Pfändungsschutz für Erbbauzinsen


Massezugehörigkeit von Erbbauzinsen

ZPO § 850i I 1 Fall 1; InsO § 35 I, § 36 I 2
BGH, Beschluss vom 27.09.2018 – IX ZB 19/18 (LG Dortmund)

I. Leitsatz des Gerichts
Einkünfte des Schuldners sind auch dann eigenständig erwirtschaftet, wenn er vor Insolvenzeröffnung mit Erbbaurechten belastete Grundstücke geerbt hat und daraus im laufenden Insolvenzverfahren Erbbauzinsen erhält.

II. Sachverhalt
Der Schuldner eines bereits im Jahr 2009 eröffneten Verbraucherinsolvenzverfahrens hat im Jahr 2015 die Restschuldbefreiung erteilt bekommen.
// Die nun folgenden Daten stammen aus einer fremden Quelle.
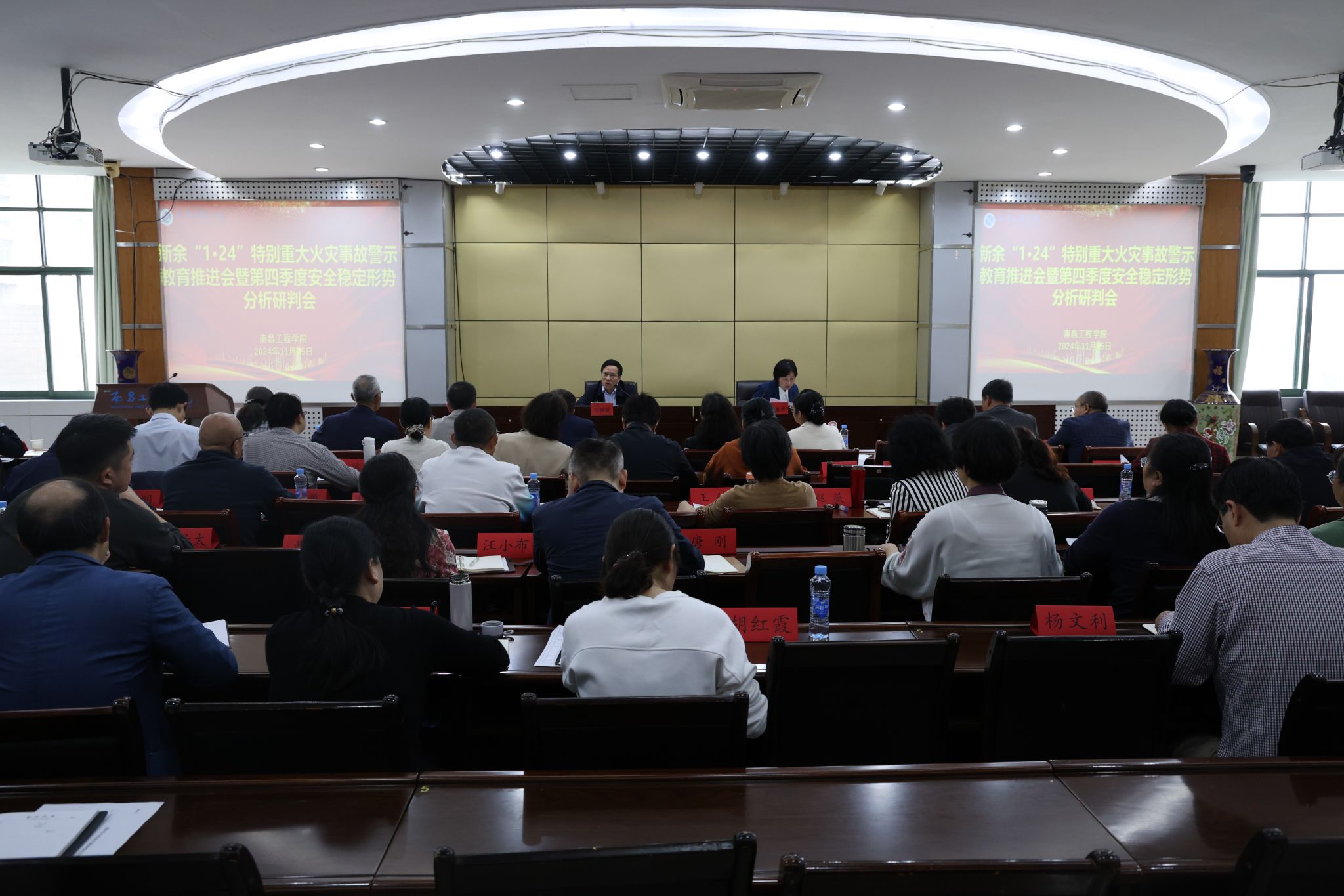 11月15日上午,欧博在行政楼五楼会议室召开新余“1.24”特别重大火灾事故警示教育推进会暨第四季度安全稳定形势分析研判会。校党委书记汪胜前出席并讲话,副校长周敏丹主持,校各平安建设责任单位主要负责人参加。

Das Insolvenzverfahren lief jedoch noch weiter, es handelte sich also um ein sogenanntes „asymmetrisches Verfahren“. Der Treuhänder (das Verfahren unterlag noch dem alten Recht, sodass auch im eröffneten Verbraucherinsolvenzverfahren kein Insolvenzverwalter, sondern ein Treuhänder tätig war) beanspruchte und vereinnahmte für die Insolvenzmasse dem Schuldner zustehende laufende Einnahmen aus folgenden Sachverhalten: Der Schuldner hatte schon mehrere Jahre vor Insolvenzantragstellung ein Grundstück zu Alleineigentum und mehrere Grundstücke in Miteigentum geerbt. Das Grundstück aus dem Alleineigentum hat er im Jahr 2004 verkauft und dabei vereinbart, dass ein Teil des Kaufpreises als lebenslange Rente in Höhe von 233 EUR monatlich an ihn gezahlt wird. Die im Miteigentum des Schuldners stehenden Grundstücke waren mit Erbbaurechten belastet. Daraus erzielte der Schuldner zuletzt monatliche Zahlungen von 699 EUR sowie quartalsweise Zahlungen von 895 EUR. Zusammen mit seiner Altersrente von 446 EUR hatte er daher Anspruch auf monatliche Einkünfte von 1.675 EUR. Da jedoch sämtliche Beträge bis auf die Altersrente durch den Treuhänder für die Masse vereinnahmt wurden, stellte der Schuldner nach Erteilung des Restschuldbefreiung im Jahr 2016 einen Antrag nach § 850i ZPO, ihm die Erbbauzinsen und die Kaufpreis-Rente pfandfrei zu belassen.

III. Rechtliche Wertung
Nachdem das Insolvenzgericht den Antrag vollumfänglich abgelehnt hatte, entschied das Beschwerdegericht, dass nur die Einkünfte aus dem Kaufvertrag dem Pfändungsschutz nach § 850i ZPO unterlägen, weil nur diese durch den von dem Schuldner getätigten Verkauf der Immobilie eigenständig erwirtschaftete Einkünfte und damit sonstige Einkünfte im Sinne dieser Vorschrift seien. Die Ansprüche aus den Erbbauzinsen seien hingegen im Wege der Erbfolge erworben worden, da die Erbbaurechte bereits vor dem Rechtserwerb des Schuldners bestanden hätten, und damit nicht eigenständig erwirtschaftet.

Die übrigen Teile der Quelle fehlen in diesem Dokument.